There were other sessions at Davos on these subjects, as there always are. One was called “Helping Others in a Post-Crisis World.” It was full of the insights of social entrepreneurs and innovative philanthropists, all discussing new patterns of social enterprise—where capitalism is again in service of big ideas and big solutions, not just making money. But the session was held early in the morning in a small room, not the big Congress Hall. And it wasn’t full. New ideas of business with a social purpose have been part of Davos before, but as in the global economy, social conscience has been a sidebar to business. Social purposes were somehow extracurricular to real business. But this year, the sidebar hit the main hall of discussion as a plenary discussion on values, and went to the center of the way participants were talking about how we do business.
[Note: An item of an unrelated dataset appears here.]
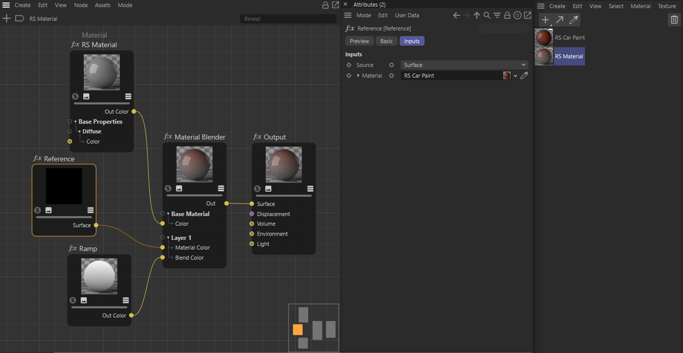 We open up the basic material in the Node Editor and add the Reference node to the setup. By dragging the Car Paint material from the Material Manager to the Material slot of the Reference node, we gain access to that material and can reference it for example for use with the Material Blender.

When you start with the wrong question, no matter how good an answer you get, it won’t matter very much. There was a shift that occurred throughout the week that you might not have seen in the television coverage, as participants began to ask a very different question: “How will this crisis change us?”
If our goal is to get back to business as usual, we will soon be right back to what got us into so much trouble, because what was usual is exactly what got us here in the first place. To go back to business as usual would be to miss the opportunity this crisis provides to change our ways and return to some of our oldest and best values.
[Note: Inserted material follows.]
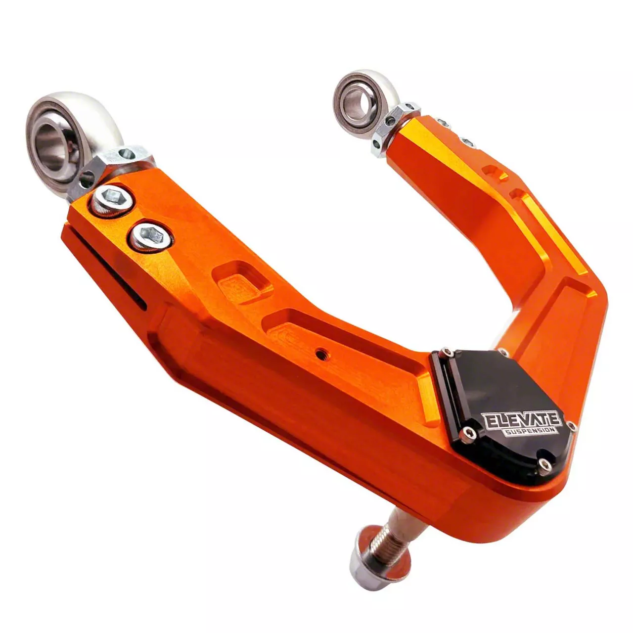High-Quality Upgrade. The Elevate Suspension Billet Uniball Upper Control Arms is a pair of premium solutions designed to enhance your vehicle's performance. Featuring better angularity, these control arms allow for increased wheel travel, enabling a smoother ride even in challenging terrains. They also facilitate proper alignment, promoting optimal handling and tire wear. With improved coil spring clearance at full droop, these control arms prevent any interference, ensuring seamless suspension movement.

Former British prime minister Tony Blair, who was also on the values panel, told me afterward that were it not for this deep crisis, Davos wouldn’t be having such a discussion and wouldn’t have included “somebody like you” (a religious leader). But the panel discussion on values became the buzz of the conference. And the spiritual conversations (sometimes quite pastoral and almost confessional) that followed over the course of the next few days were, for me, a real sign of hope.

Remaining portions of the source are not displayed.